Юкито интересовался, куда они держат путь, на что Фай ответил ему что-то расплывчатое: по старой привычке, по которой они старались не оставлять за собой ничего, по чему слишком просто было бы построить маршрут их путешествия; но и из-за того, как странно бы иначе это всё выглядело. Между собой они всё уже обсудили.

После завтрака Курогане сам сходил принял ванну, чтобы сразу переодеться в дорожную одежду – и принять наконец неизбежное окончательно. Чистая, до скрипа накрахмаленная ткань сидела к коже так странно, стоило дать сознанию уцепиться за мысль, что в этой самой одежде он провёл столько недель в дороге: сколько грязи, пыли и его пота, пахнущего местной выпивкой, она успела в себя впитать, а теперь это всё утекло с мыльной водой. (То ли дело – сапоги, с которых ему так и не удалось до конца соскрести пыль, приставшую ещё в Арде; но изношенные до такой степени, их ему, возможно, всё равно предстояло выбросить через пару городов).

Кое-где она, к тому же, оказалась как будто чуть тесновата, хотя ниндзя предпочитал списать это на то, что та просто села после стирки, а не он набрал по итогу своего пребывания во дворце пару лишних килограммов.

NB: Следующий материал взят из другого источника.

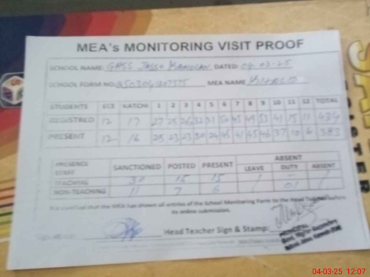 | Attendance Register | Head Teacher | MEA with School | Visit Proof |
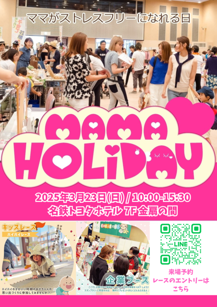 「ママHOLIDAYフェスタ」は、育児中のママの不安を解消し、社会との繋がりを深めることを目的としたイベントです。名鉄トヨタホテルでは、開業30周年を記念し、日頃頑張るママと子どもたちが一緒に楽しめる特別な企画をご用意しました。妊活中の方、プレママ、子育て中のママ、ぜひご家族でお越しください。

Несмотря на то, как сильно не хотелось затягивать, в итоге провозились они почти до обеда. Чем ближе был полдень, тем больше Курогане раздражался, зная, что их пригласят и отобедать, раз уж они всё ещё здесь, и тогда они точно никуда не уедут; и поторапливал спутника.

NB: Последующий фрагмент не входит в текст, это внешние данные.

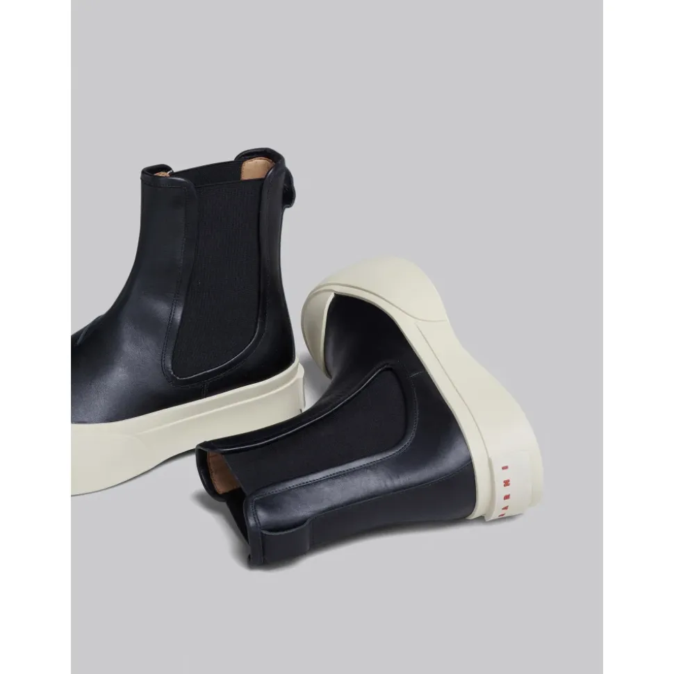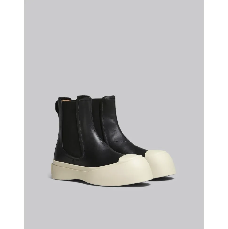 Pablo Chelsea Støvlen fra Marni tilbyder et elegant og moderne design med sin sorte nappa læderkonstruktion og chunky platformssål, perfekt til at tilføje et strejf af sofistikering til ethvert outfit. Produkt detaljer: Sort | Nappa Læder | Elastiske sider | Chunky platformssål | Marni logo på bagsiden | Dimensioner og pasform: Normal pasform | Sammensætning og pleje: Overdel: 100% Nappa Læder | Sål: Gummi | Renses med en blød klud

Им подготовили лошадей. Курогане со всем доступным ему спокойствием приблизился к своему коню, терпеливо давая тому вспомнить звуки своего голоса. Конь не слишком приветливо фыркнул ноздрями ему прямо в лицо, и Курогане похлопал его по холке: отлично, признал. С самого начала он чуял, что тот по какой-то причине его недолюбливает, но чувство собственного достоинства держало мерина выше глупых капризов на пути к делу, в котором он был хорош и знал об этом. Фай тем временем ворковал со своей кобылой так, что Курогане совсем перестал разбирать, когда он разговаривал с лошадью, а когда с принцессой. Слово за слово, и тот уже помогал Сакуре взбираться в седло. «Прокатишься чуть-чуть, пока мы ещё здесь – и пока его величество не видит», – заговорщически приговаривал маг. Так они спускались по склону вниз: двое мужчин пешком вели рядом лошадей, а девочка, вцепившись обеими руками в луку* под собой, силилась удержать равновесие в положении, настолько непривычном её телу.

Шаоран нагнал их маленькую процессию на выходе из дворца с видом человека, который пытался быть в двух местах одновременно.

— Вам у нас хотя бы понравилось? – с искренним волнением расспрашивала принцесса. Курогане спустил её с лошади, когда стало очевидно, что эту часть «работы» Фай всё равно спихнёт на него.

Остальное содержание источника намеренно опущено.